Claire: What does this mean for Canada's media landscape, more generally?
Gordon: I think it's a period of hyper-competition. We may see some other content players who will be acquired by cable or pipe players. It's really a revisit of 2000 except the technology's change. The wireless revolution has happened in the interim, we have tremendous breakthrough on mobile television and TV over internet and it's quite clear that the vision that Monty saw, ten years ago, is actually in a reality mode right now.
Claire: The deal means the Globe and Mail will no longer be owned by CTV. What else does it mean?
Gordon: The view of the company is that the Thomson family, which has been associated with the Globe and Mail for 30 years, reasserts itself. I think the family's managers have a feeling about the best way to leverage the Globe's newsgathering, and writing and content assets with a lot of different players, not just with CTV. I think it remains to be seen.

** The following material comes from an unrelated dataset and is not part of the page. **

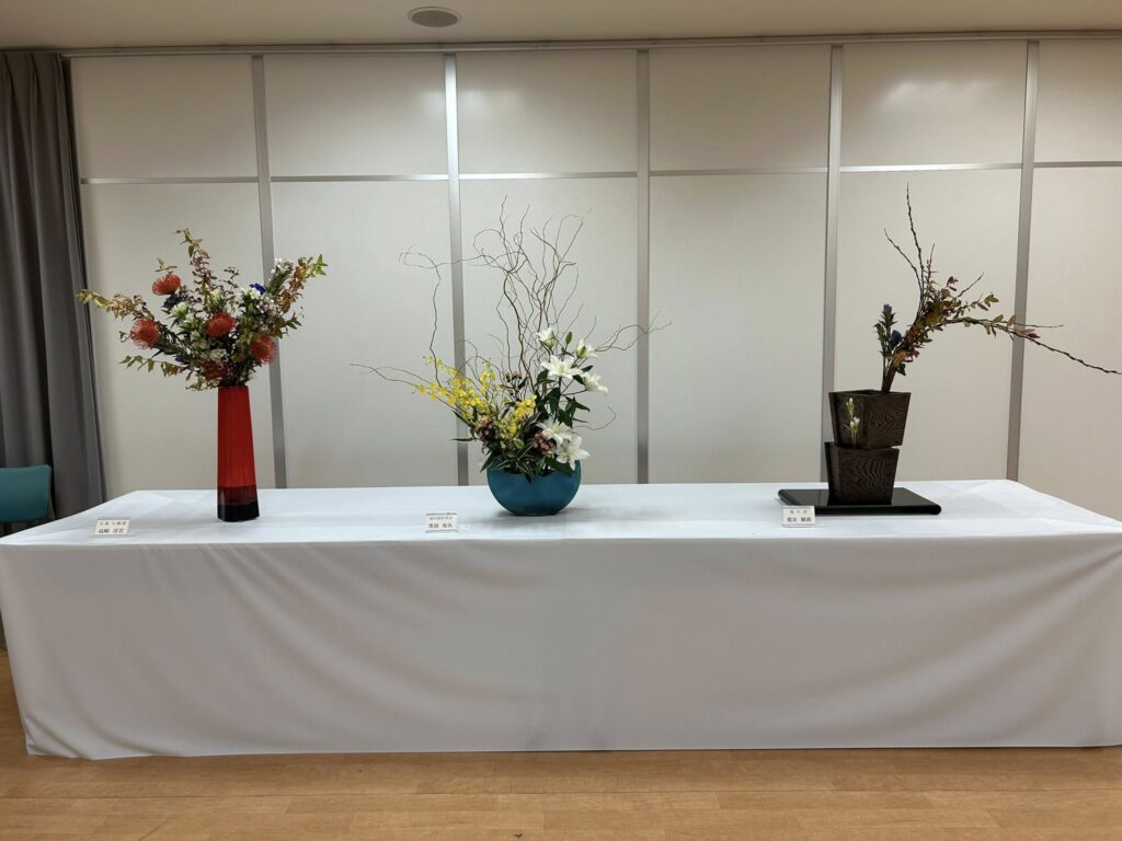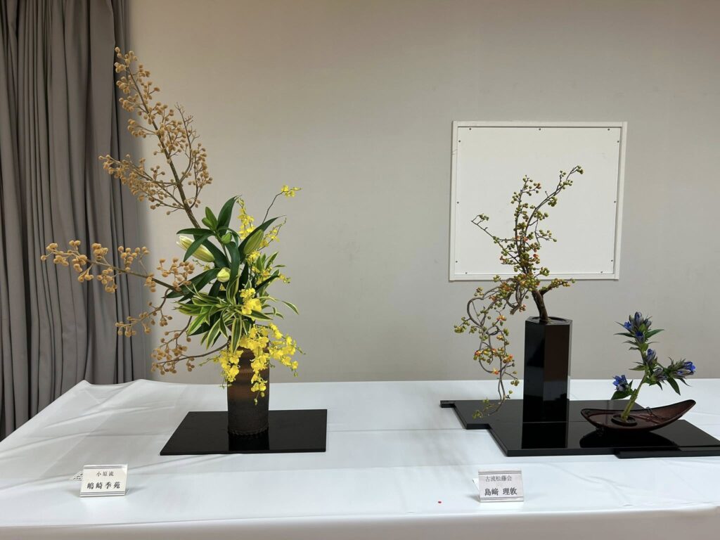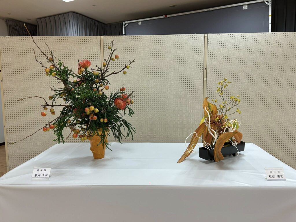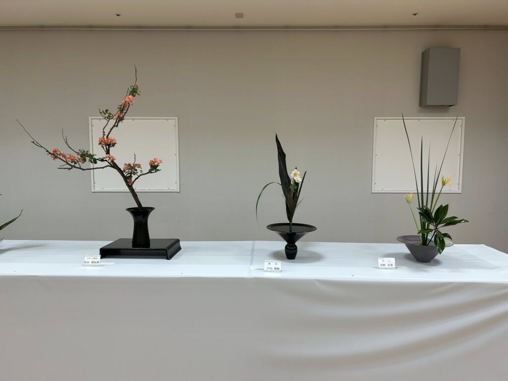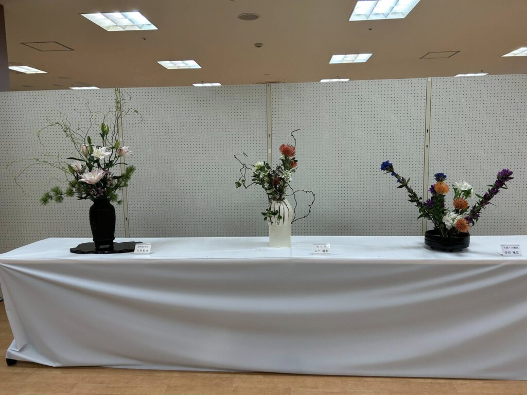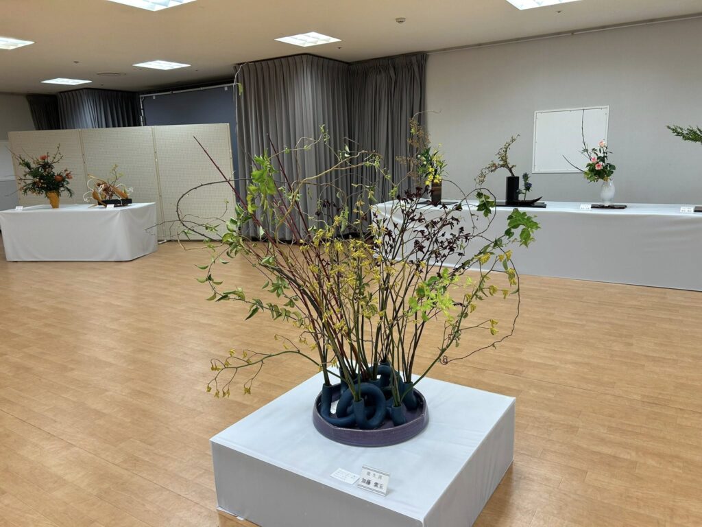 市内各流派の先生方の作品が一堂に展示される華道連盟展。

I think it should strengthen the Globe and Mail. I think a lot of things were held back because of the relationship with CTV. They could've done alliances with other companies that might've been more fortuitous.
But what strikes me as odd is that the vision of ten years ago seems so discredited now. At that time, the convergence of media, content and newsgathering properties was considered ideal and marry them with a TV network, and marry them with an Internet provider. Now we seem to be pulling back and saying, you know, ownership matters in the end. Who are the owners? How do they get along? How are decisions made? So maybe it's better.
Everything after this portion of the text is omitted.